Caller identification, otherwise known as caller ID or call display, has enmeshed itself in the everyday lives of millions of Canadians. With caller ID, the phone number of whoever is calling you appears on a display attached to your telephone. In some cases, the caller's name will be displayed, too. But the history of caller ID in Canada-- and its belated introduction in California, set for June 1, 1996-- highlights the contentiousness of mixing corporate profits, technological advancement, and personal privacy.

The main societal benefit of caller ID as advanced by phone companies is reducing "annoying or harassing" calls. Bell claimed that 70% of its customers had received "annoying or harassing" calls, but a key 1990 CRTC decision on caller ID did not cite research from any entity demonstrating that such calls were always or usually sexually explicit, threatening, or legally actionable as opposed to simple wrong numbers. The CRTC dismissed the objections of many intervenors and authorized caller ID for Bell and most other provincial telephone monopolies in 1990 and 1991.

Privacy issues have always been part of the discussion of caller ID. For a century, telephone users had come to expect that their phone number would be given out only if they explicitly allowed it to be-- by having it published in the phone book and/or listed through directory assistance (two separate provisions in some provinces) and/or by knowingly giving it out to friends, family, and colleagues.

But overnight, caller ID reversed that expectation: Now the onus was on the calling party to block disclosure of his or her phone number, which in Bell territory the early days required going through an operator and paying a fee of 75 cents per call. Even unlisted numbers would be displayed in Bell Canada territory unless blocked via an operator.
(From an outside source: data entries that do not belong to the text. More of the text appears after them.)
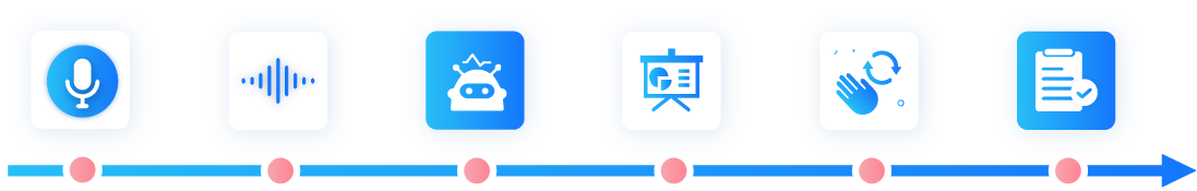 将海量非结构化录音、文本数据高效、准确的转化为结构化数据,配合人工进行数据挖掘和分析,提炼有价值信息并将数据可视化,从而为客服、运营、营销等提供支撑
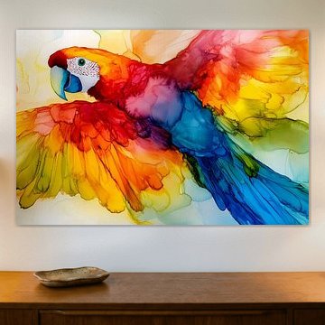 Bunte Papageien-Aquarellmalerei von Imperial Art House
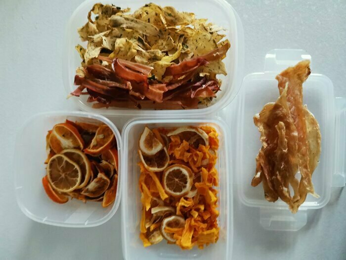 Хоть сейчас только весна, я уже многое посушила. Яблоки, дочь просто обожает сушеные яблочки. Апельсины, лимоны, мандарины-поэкспериментировала. Тыквенные цукаты просто шикарно. Картофельные чипсы, конечно же это не те чипсы которые продают в магазине, но мне понравились. Так в интересах эксперимента были высушены: кальмар, получилась вкусняшка. Филе курицы просто нереально вкусно. И рыбка, с первого раза получилось не очень, но буду дальше пробовать. А еще пробовала сушить безе в сушилке, сушит хорошо! Покупкой довольна, жду сезон фруктов и ягод.

The major CRTC decisions relating to caller ID cited no data showing a clear desire from residential customers to have their numbers made available to anyone willing and able to pay their local telephone monopoly for caller-ID service.

But in its own early provision of caller ID, AGT Ltd. in Alberta offered so-called per-call and per-line blocking of phone numbers. With the former, dialing 1167 or *67 before the actual telephone number blocked display of the originating number for that call only. With the latter, all calls from a given line took place without displaying the originating number. AGT data showed that no more than 0.2% of its customers ever used per-call blocking; the figure for per-line blocking was 0.04%. In 1992, the CRTC ordered Bell and several other phone companies to provide free per-call blocking to all subscribers, arguing, in effect, that it would not be used so frequently as to render caller ID moot.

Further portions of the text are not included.